Alguns disfarces usados pelos judeus no Brasil para escapar da Inquisição:

▪ Na época de Iom Kipur devemos jejuar. Para não mostrar que estavam em jejum, os convertidos tinham um palito na boca, algo comum na época, para mostrar que eles tinham acabado de comer alguma coisa.

▪ Na época de Pesach, só se pode comer matzah, ou seja, pão sem fermento, por oito dias. É uma memória de quando eles fugiram às pressas da escravidão no Egito, e o pão permaneceu sem fermentação. Os convertidos, durante Pesach, diziam a um médico que tinham dores estomacais para que o médico receitasse matzah como um remédio, para comer por alguns dias.

▪ Para as refeições os convertidos, cripto-judeus, usavam uma mesa com uma gaveta. Muitos pensavam que isso era usado para guardar talheres, mas na verdade foi usado para esconder o que eles estavam comendo, para o caso de que alguém pudesse visitar a família sem avisar. Nessas situações, eles tiravam um salame de dentro da gaveta e colocavam-no sobre a mesa. Desta forma, o visitante pensaria que os proprietários da casa estavam comendo carne de porco e eles, portanto, não seriam judeus.

Como sepharadi, entendemos mais profundamente o que nossos ancestrais passaram, desesperadamente tentando permanecer fiéis a D'us. Sentimos sua dor e a mesma fé que nunca os deixou. Cada um deles está presente em nossas vidas, em nossos genes e células. Não podemos mais recuperar o que foi materialmente tirado de nós, mas podemos recuperar o que nos foi tirado espiritualmente e essa resistência, força, busca e luta faz o povo judeu ser eterno, por milênios. 

A Inquisição condenou os judeus e os transformou em "novos cristãos", termo dito erroneamente, porque eles eram judeus forçados a se converter, não cristãos-novos. Guiados por seus princípios sagrados, sempre mantiveram sua identidade. Ser judeu não é limitado pela nacionalidade de uma pessoa. A identidade judaica é, principalmente, um legado cultural.
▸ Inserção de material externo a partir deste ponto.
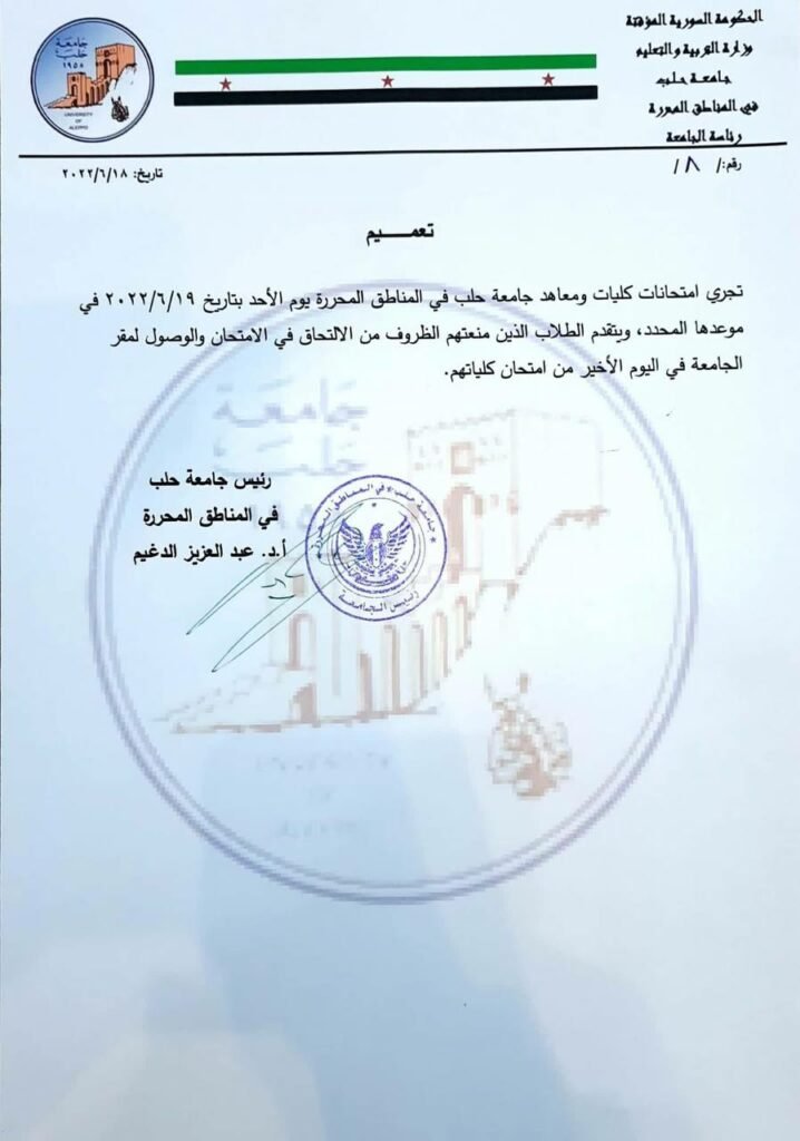 وفي ذات السياق فقد أصدرت جامعة شام قراراً بتأجيل الامتحانات التي كانت من المفترض أن تُقام يوم الأحد إلى تاريخ بتم تحديده لاحقاً، بالإضافة لقرار أصدرته جامعة حلب في المناطق المحررة والذي يقضي بإقامة الامتحانات يوم الأحد مع منح الطلاب الذين منعتهم التوترات من الوصول للجامعة فرصة تقديم الإمتحانات في اليوم الأخير من امتحان كلياتهم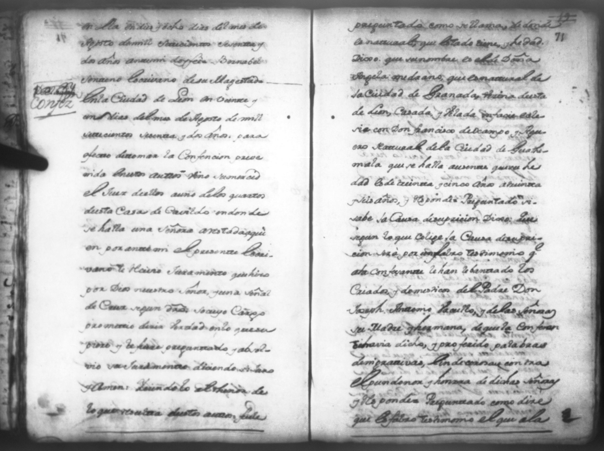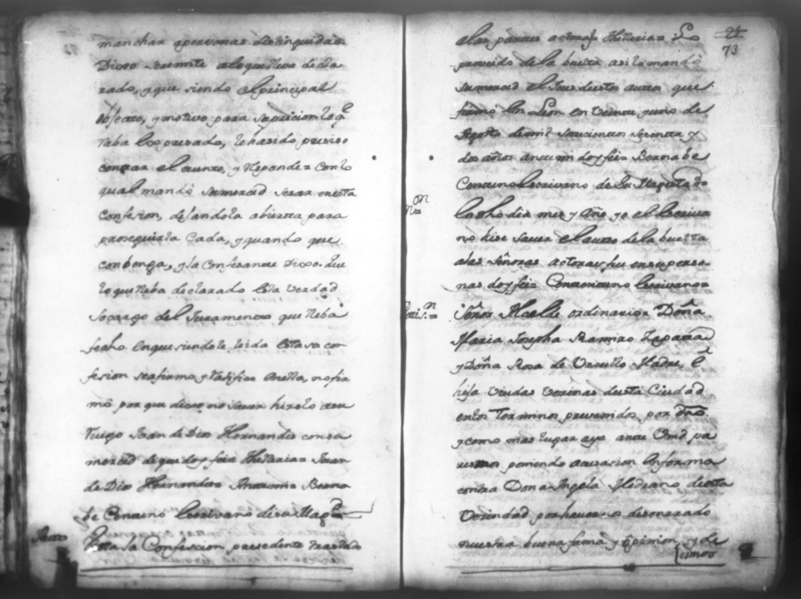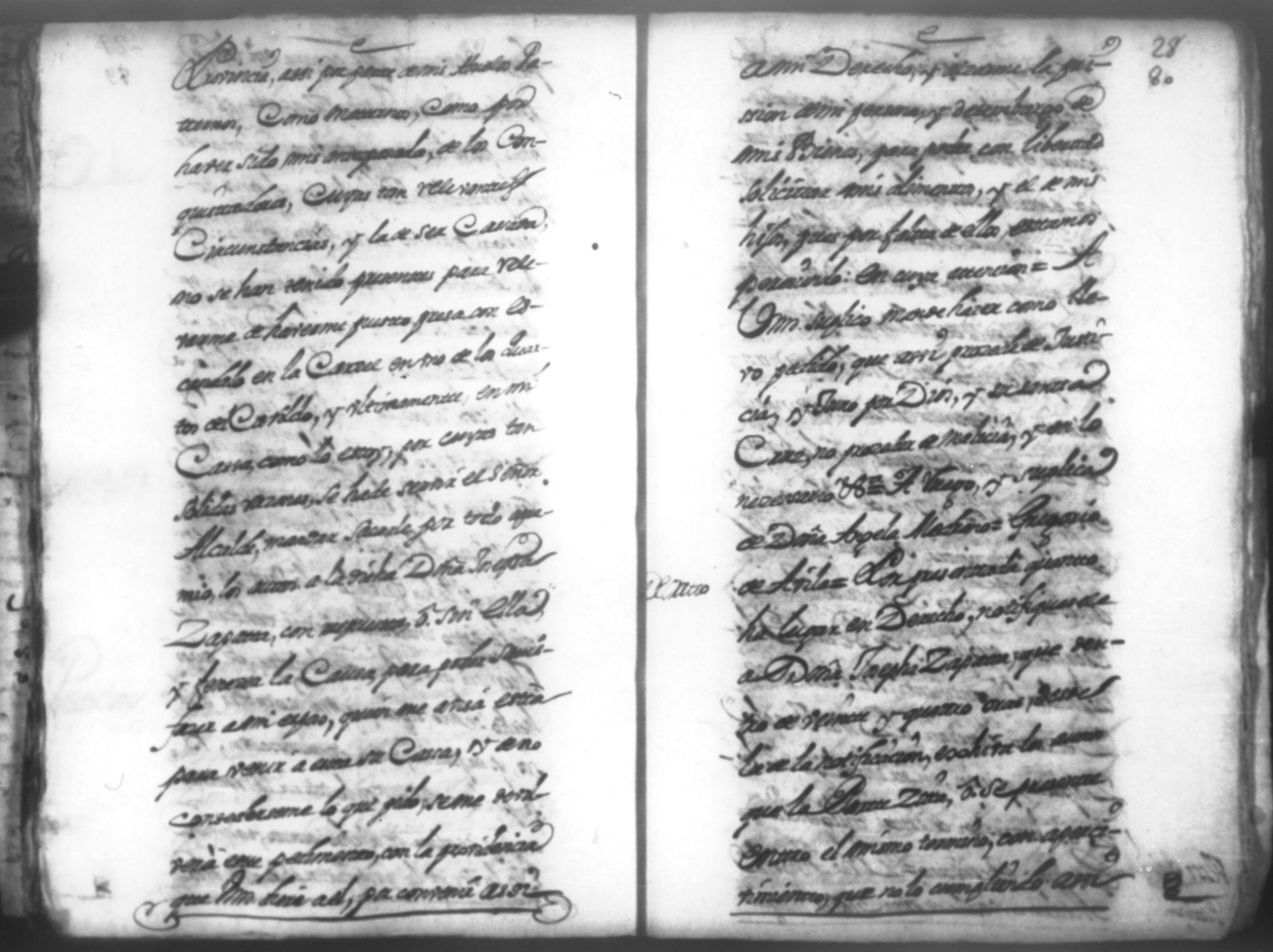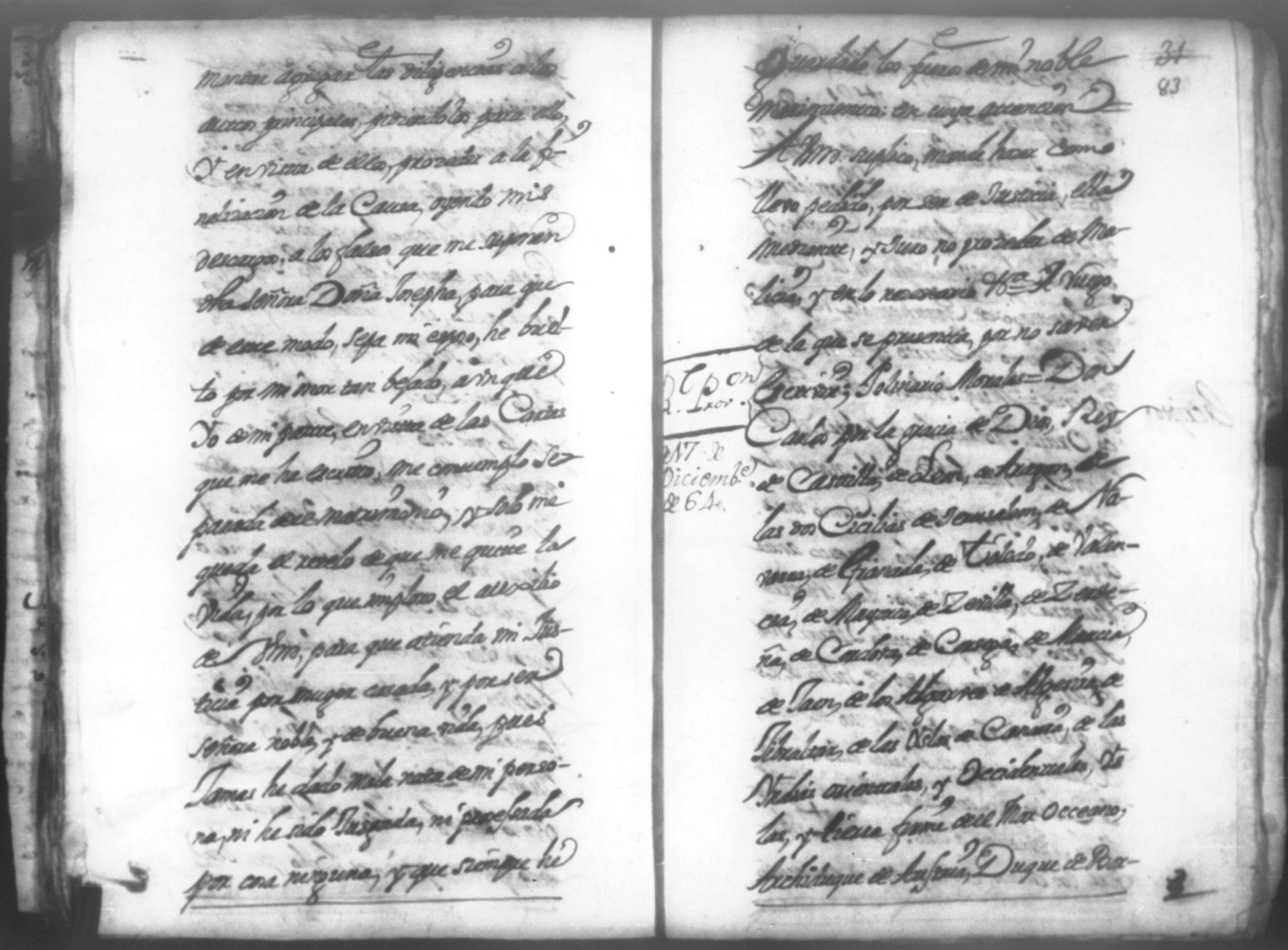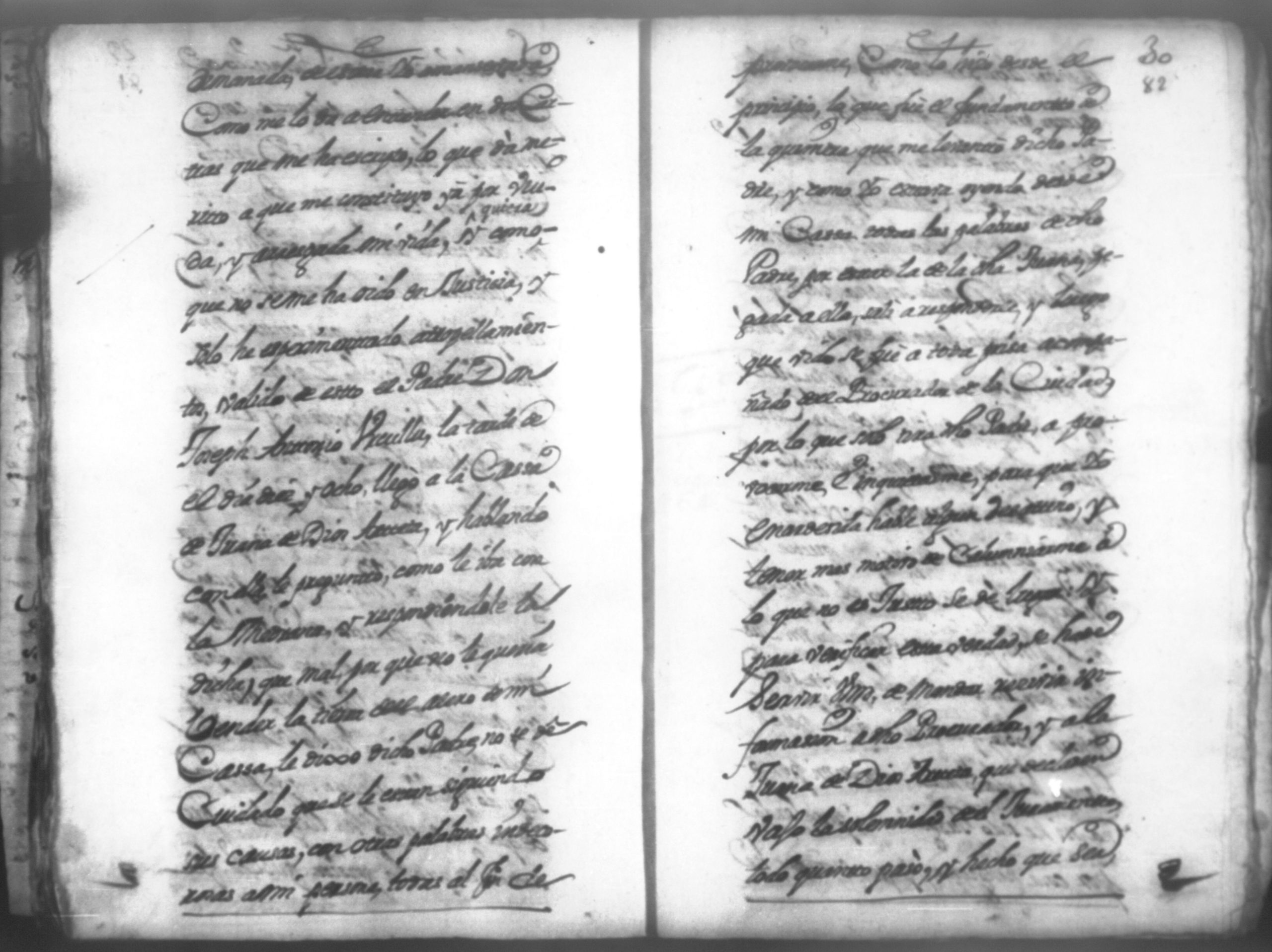 Temática: Don Manuel Antonio de Thelleria Alferes Mayor […] de Cano desta ciudad Ante Vuestra Majestad paresco y digo: que ami derecho combiene se sirva Vuestra Majestad hacer comparecer ante si al Capitan Don Francisco Altamirano y Velasco y a Don Francisco de Oses y debajo de la [relicencia] del juramento. Criminal. 1763. Contra Bernardo de Malvido.

Qual é o futuro do judeu sepharadi ou o que significa ser um sepharadi? Em primeiro lugar, não há tal coisa como um "ex-irmão", "ex-irmã" , "ex-pai", "ex-filha", por exemplo. Então, não há "ex-judeu." Não há "retorno" ao judaísmo para os Sephardim. Os descendentes dos judeus Sephardim não estão realmente voltando para a fé de seus antepassados: estão reconectando-se com sua verdadeira identidade. Um retorno implica que algo pertencia a alguma coisa antes. E se assim foi, será sempre assim. 

Espiritualmente, um coração judeu está sempre desperto para este reencontro e de alguma forma, mesmo depois de estar espiritualmente adormecido por um tempo determinado, este coração desperta para buscar o mais profundo sentido da vida e suas raízes. Negar o direito de sangue que uma pessoa possui, impedindo-a de ser judia, não permitindo-lhe ser capaz de seguir todas as mitzvot, é também negar-lhe o seu direito de honrar seus ancestrais. Negar aos que foram forçados à conversão os direitos que possuem através de seu sangue judaico é tão injusto hoje, como o foi em 1492, quando eles foram expulsos de Sefarad.

Somos todos nossos pais, nossos avós, nossos bisavós e todos os nossos ancestrais antes deles, geração após geração. A resiliência de nossos ancestrais nos trouxe aqui. É uma grande responsabilidade poder dar-lhes de novo sua voz, devolver a dignidade aos muitos que foram silenciados pela força bruta, para que suas histórias não sejam esquecidas. Há algo maior que nos une: nossa Emunah, a identidade judaica, nossa essência, nossa neshama. 

O que um judeu de qualquer etnia faz afeta toda a comunidade. Da mesma forma, o que uma comunidade fizer afetará, também, um judeu, mesmo que seja só um. É por isso que temos que nos proteger, ficar unidos, de modo a não ter que passar por atrocidades e intolerâncias novamente. Unidos somos mais fortes, para a eternidade de nosso povo, com nossa história de coragem, amor e compromisso que nos une por mais de cinco mil anos. Am Israel Chai! O povo judeu vive! A chama, sempre, é você e sua alma judia.

Denise Sabino Villanova é Mestre em Cultura Britânica e Francesa (Leibniz Universität Hannover, Alemanha) e Doutoranda pela Universidad de Salamanca, Espanha.